Communications Hardware In The Post-Happy-Scaling Era
Alexios Balatsoukas-Stimming, Telecommunications Circuits Laboratory, École polytechnique fédérale de Lausanne Switzerland
Wednesday, 16/5/2018, 2pm, 137.Π.39
Abstract: During the so-called happy scaling era of integrated circuits, the increasing transistor count per unit area and the increasing energy-efficiency were able to offset the ever-increasing complexity of communications and digital signal processing algorithms. Unfortunately, the gains from circuit technology scaling have slowed down significantly in the last few years. In this talk, I will discuss some ways to ensure that the progress of the last decades is maintained, ranging from classical algorithm/hardware co-design to more interdisciplinary approaches. More specifically, I will first discuss the hardware implementation of successive cancellation list decoding and successive cancellation flip decoding of polar error-correcting codes (ECC), which were recently included in the next-generation 5G standard for wireless communications. I will then examine the use of approximate computing techniques to increase the throughput and energy-efficiency of ECC decoders.

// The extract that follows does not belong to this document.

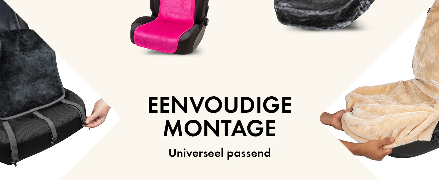 is in een handomdraai gebeurd: plaats de bekleding op de autostoel, schuif de twee bevestigingsschijven tussen de zitting en de rugleuning en bevestig de haken onder de voorstoel. De hoes zit al perfect op zijn plaats, glijdt niet weg en geeft je auto een stijlvolle, gezellige uitstraling.Voor de behoedzame verzorging en reiniging van dit product adviseren wij om het met een vochtige doek te reinigen.
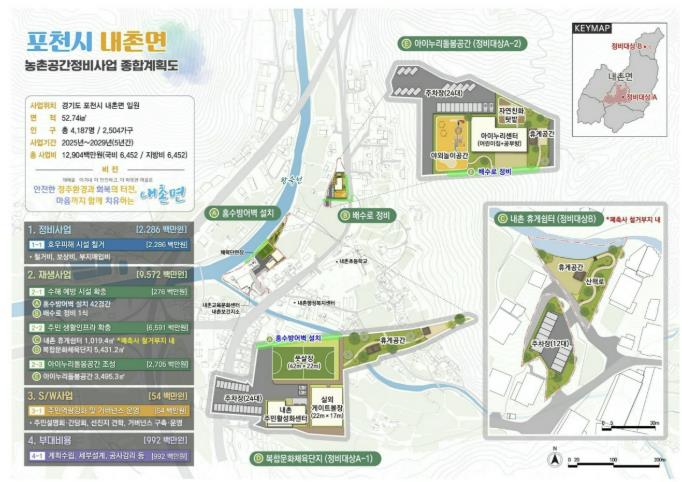[뉴스스텝] 포천시가 농림축산식품부가 추진한 ‘2025년 농촌공간정비 추가공모사업’에 선정되어, 2029년까지 내촌면 일원에서 추진할 공간정비사업 예산 129억 원을 확보했다.

Finally, I will present the application of tools from information theory and machine learning to the design of Terabit/s ECC decoders and non-linear self-interference cancellation in full-duplex radios, respectively.
Biography: Dr. Alexios Balatsoukas-Stimming received the Diploma and MSc degrees in Electronics and Computer Engineering from the Technical University of Crete, Chania, Greece, in 2010 and 2012, respectively, and a PhD in Computer and Communications Sciences from the École polytechnique fédérale de Lausanne (EPFL), Switzerland, in 2016. He spent one year at the European Laboratory for Particle Physics (CERN) as a Marie Skłodowska-Curie postdoctoral fellow and he is currently a postdoctoral researcher in the Telecommunications Circuits Laboratory at EPFL. His research interests include VLSI circuits for communications, error correction coding theory and practice, as well applications of approximate computing and machine learning to signal processing for communications.